Friday, April 15, 2011

Magical Morning

Good afternoon, folks!  I know I'm late. I usually get this postcard out to you in the morning.  But, I'm still sick, so I hope you'll excuse me for being late.

I was up and out early this morning taking Spot outside to take care of his morning necessities.  Then, on the way back inside, I noticed something magical.  No, it had nothing to do with Spot's outside business.  Get with the program!

Walking back into the people barn, I heard Chief give a soft whinny.  I looked down the horse barn, which is about 20 feet across from the people barn and connected by a breezeway.  Chief had his head sticking out of his window saying, "Hello."  This is Chief's usual morning greeting.  It's very sweet.

Of course, if you don't go give him his morning feed, Chief starts kicking the inside walls  of his stall.  So, the sweetness wears off of Chief pretty fast.  He likes to get what he wants, when he wants it.  Just ask Cowgirl Slim about that!  So, no, the magical thing wasn't Chief, cute as he was at the moment.

While looking down the length of the barns at Chief, my eyes fell on the property ahead of me.  I looked across my property and on to my neighbor's pasture next door.  It was the fog. 

The fog was rising gently from the ground up about four or five feet.  My neighbor's horses were at my fence as usual.  They are small horses, so I could see less of them.  Usually, with my larger horses, the fog hits them about shoulder level when it's the way it was this morning.

Shoulder level in the fog, my horses look as though they are floating on the fog.  I can't see their feet.  It only happens like this in the spring and fall. 

This phenomena, for lack of a better word, happens in those seasons because the ground is just warm enough and the air is just cool enough to make it happen.  In the winter, the ground is still warmer than the air.  But, the air is so cold, instead of this magical looking fog, you get a thick fog that goes all the way to the sky, or so it seems.

In the winter, sometimes I can't even see the horses outside in this thick winter fog.  When I can see them,  they look mythical.  It's as if they aren't real.  As if it's a myth they are even there.

But, they are there.  In that winter fog, they can be seen so faintly through it.  It's not until later in the morning when the fog lifts from the warmth of the sun that you can see the horses clearly.  But, I knew they were there all along.

I've never taken a picture of these magical, mythical moments.  But, perhaps I should.  The pace is often fast around here in the morning getting everything ready for the day.  I wasn't moving fast this morning because I'm still sick and confined inside.  So, I can't blame my pace for not taking a picture this time.
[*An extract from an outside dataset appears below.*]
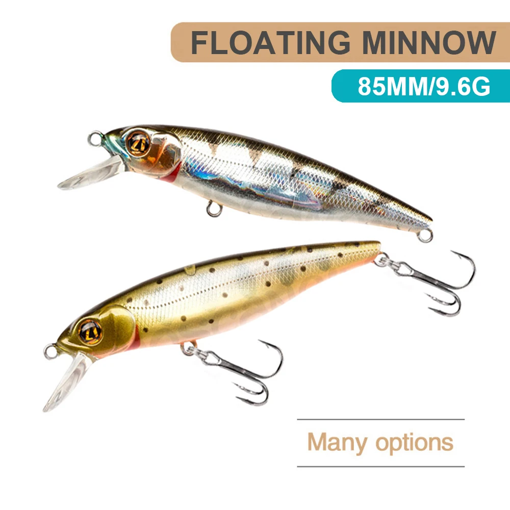 8,5 cm 9,6G Señuelos de Pesca Flotante Minnow Wobbler Long Casting Artificial Cebo duro Jerkbait Accesorios de pesca Trucha Bass MN627

I'll have to remember to do it soon.  Summer is coming.  This phenomena doesn't happen in the summer.  The air and the ground are both too warm to allow these magical, mythical moments then.

This is something I tell people when they ask me what I notice now in my new life on the farm.  They ask me what I hadn't anticipated to be important, yet found out otherwise.  I always tell them the weather is so much more important to me than when I had a regular office job.  It effects schedule, what I wear, my horses' health, the lessons I teach, everything.

The weather even effects these moments I've been telling you about today.  And, the weather will change these moments soon.  These foggy moments will be traded in for other miracles of nature only present in the summer, like the sunflowers that will be there between the barns standing tall in the garden.  I'll have to take a picture of those, too.

Have a wonderful day and thanks for reading.